Others seem to agree. Consider the recent uptick in interest in the area: Insert Coin(s), an arcade and bar, has opened on Fremont Street; a Thai restaurant is soon to open across the street.

Some 2,000 Zappos employees will move into City Hall in 2013; more than 10 acres that come with the lease will allow the company to grow by at least another 8,000 employees over the next 10 years.

Due to the depth and expense of his downtown Las Vegas moves, it’s not easy to find a model with which to compare it. Some see the late billionaire Howard Hughes as the only local comparison.

Hughes arrived in Las Vegas on Thanksgiving 1966 and within months began to buy property and casinos, and to begin investing.

Over the next two to three years, Hughes purchased more than $100 million in casinos and property. In addition, he purchased regional airline Air West. Politicians praised him for boosting the state’s economy, which was in the dumps. Gov. Paul Laxalt in 1967 declared that Hughes “has put the Good Housekeeping stamp of approval” on Nevada. The governor in 1969 averred that Hughes’ “involvement here has absolutely done us wonders.”

Geoff Schumacher, author of “Howard Hughes: Power, Paranoia and Palace Intrigue,” sees much the same thing happening due to Zappos’ and Hsieh’s investment. “It was a lot of energy materializing, and that’s the same thing happening with Zappos.”

Of course, Hughes’ arrival — in secret — speaks to a big difference between he and Hsieh. Hsieh is visible, social, accessible and typically greets anyone with a slight smile. Indeed, Hughes’ first investment, purchasing the Desert Inn resort for $13.25 million, only came about because hotel management wanted him to vacate his suite on New Year’s Eve 1966 to make room for a party.

And Schumacher notes that Hughes made some missteps that seemed to divert his attention away from development.

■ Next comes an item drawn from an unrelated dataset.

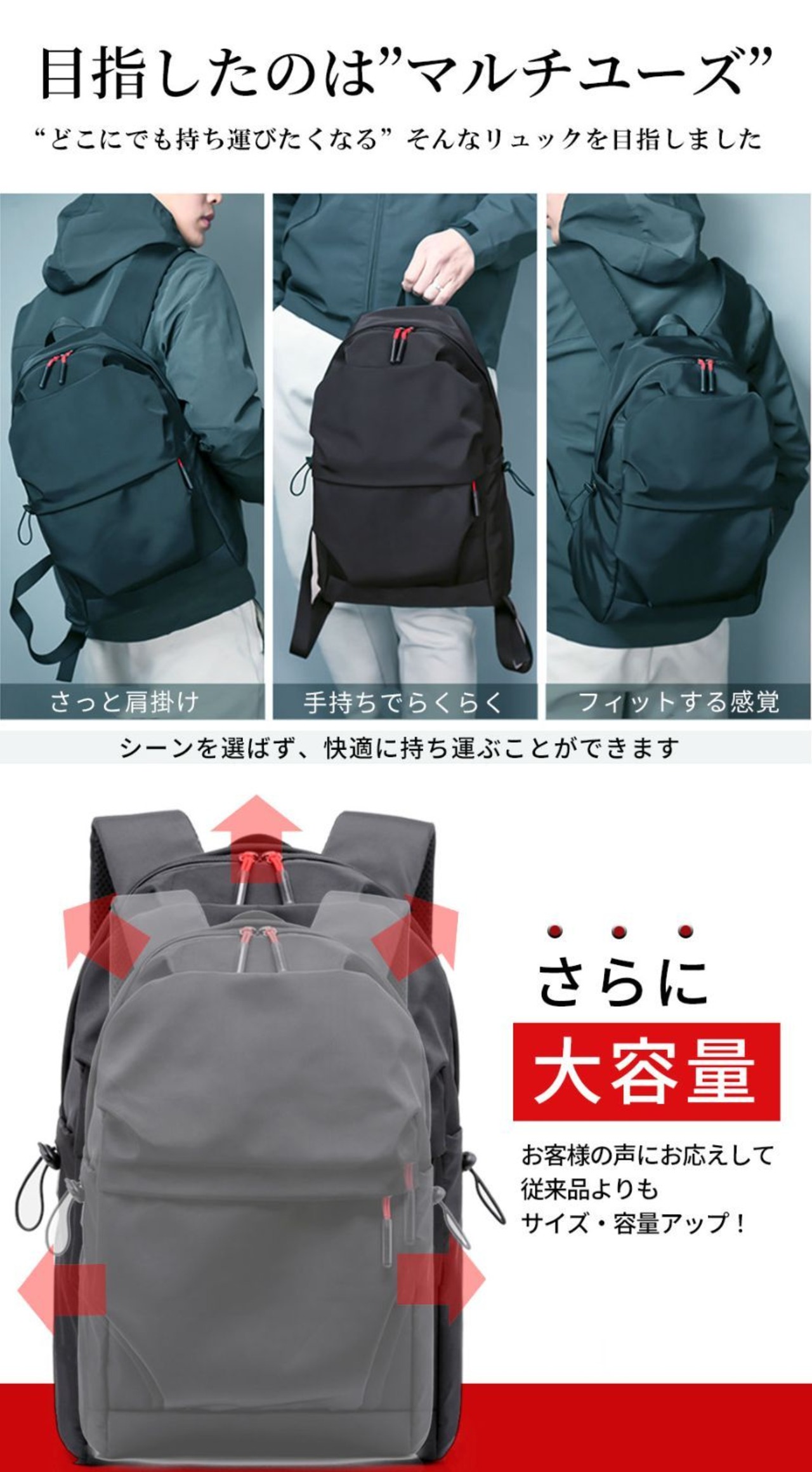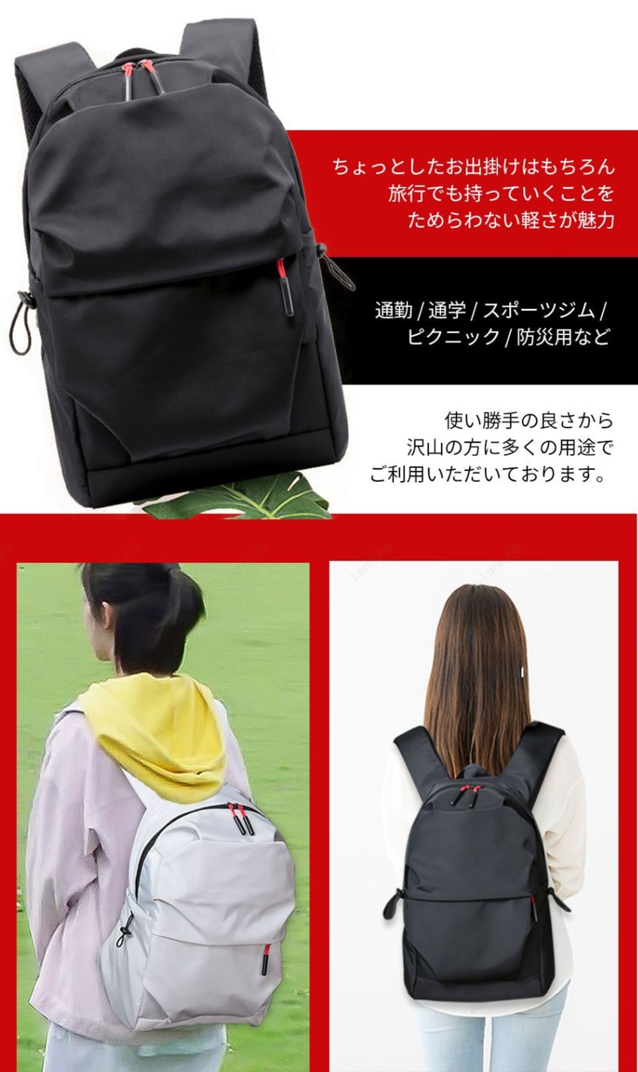 【品 番】xgaz01 【カラー】ブラック、グレー グレー(白に近い淡い灰色です) 【サイズ】 ・約47cm × 32cm × 18cm ※ご購入前に必ずサイズ感をご確認ください。 【特徴】 ※リュックとしての機能を最大限発揮できる大容量でありながらも、背負った姿はカジュアルにバランスよく。多彩なポケットが備わっているので、必要なものを全て入れられる安心感があります。 荷物の整理のしやすさと見た目以上の収納力に、リピーター様から「コスパ最高!」とご好評頂いております。 ※様々なシーンでの使用を想定し、デザインに妥協することなくフォルムの美しさにこだわりました。余計なロゴや刺しゅうは省き、ファスナー持ち手部分に挿し色として赤色を入れることでスタイリッシュな印象に。上品な光沢がある生地は、柔らかで触り心地がよく、幅広い年代の方に受け入れられています。 さらに内側の生地は薄いグレー色のため、イヤホン・Wi-Fiなど黒系ガジェットが迷子になる心配もありません。 ※約500gと軽量化を追求した当製品なら、長時間の持ち運びもストレスフリー。両サイドのポケットに入れた600mlのペットボトル、折り畳み傘は取り出しやすく軽快に。 ※さらに肩紐を約7cmの幅広ワイドパッドにすることで、肩や背中にフィットしながら頸椎にかかる負担を軽減します。 保護性能に優れた生地を採用し、表面には撥水加工を施しています。旅行中など急な雨に降られた時も、さっと水滴を落とすことができ、水の浸透を効果的に防ぎます。防災グッズを入れ災害時持出用リュックとしても使用可能です。 【※注意事項※】 開封時に、生地や素材特有の匂いがすることがございます。予めご了承くださいませ。 匂いが気になる場合、風通しのよい所へ2,3日置いてからご使用ください。 また、使用するにつれて匂いは和らぎますが、匂いに敏感な方はご購入をお控えくださいませ。

If he took one thing away from Hughes’ story, it was “to steer clear of politics, because all you can do is get burned.”

“If any legislator had the audacity to challenge him, Hughes would want to destroy that person,” Schumacher said. “That’s what can come with absolute power.”

Not that Schumacher, who lives in Iowa now but for years worked as a Las Vegas reporter and editor, sees Hsieh or Zappos doing the same thing.

“I think he’s doing fantastic things,” he said of Hsieh. “He’s got a pitch-perfect ear when it comes to whatever he decides to become involved with.”

Hsieh smiles at being compared to Hughes.

Hughes “did it alone and I’m doing it with — I’m not even doing it really, but other people are doing it,” he said.

Plus, “here’s how little I know about local politics,” he added. “I didn’t even know they were moving out of City Hall. Someone had to tell me.”

In little more than a year, City Hall will be synonymous with Hsieh and Zappos. Maybe downtown Las Vegas will, too.